◆ DESCRIPTION OF THE TASK
In the data that follows, find the line with "Original 1950’s ‘"; transcribe it, every later line up to the one with "Tady vidíš, že", and that line as well, exactly and with no others.

◆ INFORMATION PROVIDED
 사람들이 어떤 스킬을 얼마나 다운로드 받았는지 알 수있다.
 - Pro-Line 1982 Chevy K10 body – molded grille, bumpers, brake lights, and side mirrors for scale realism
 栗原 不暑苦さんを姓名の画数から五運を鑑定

==

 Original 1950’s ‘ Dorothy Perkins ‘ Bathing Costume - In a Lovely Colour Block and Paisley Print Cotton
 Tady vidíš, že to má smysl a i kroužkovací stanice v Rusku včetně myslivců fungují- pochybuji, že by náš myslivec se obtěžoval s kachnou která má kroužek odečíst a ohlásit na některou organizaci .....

◆ SOLVED EXERCISE
 Original 1950’s ‘ Dorothy Perkins ‘ Bathing Costume - In a Lovely Colour Block and Paisley Print Cotton
 Tady vidíš, že to má smysl a i kroužkovací stanice v Rusku včetně myslivců fungují- pochybuji, že by náš myslivec se obtěžoval s kachnou která má kroužek odečíst a ohlásit na některou organizaci .....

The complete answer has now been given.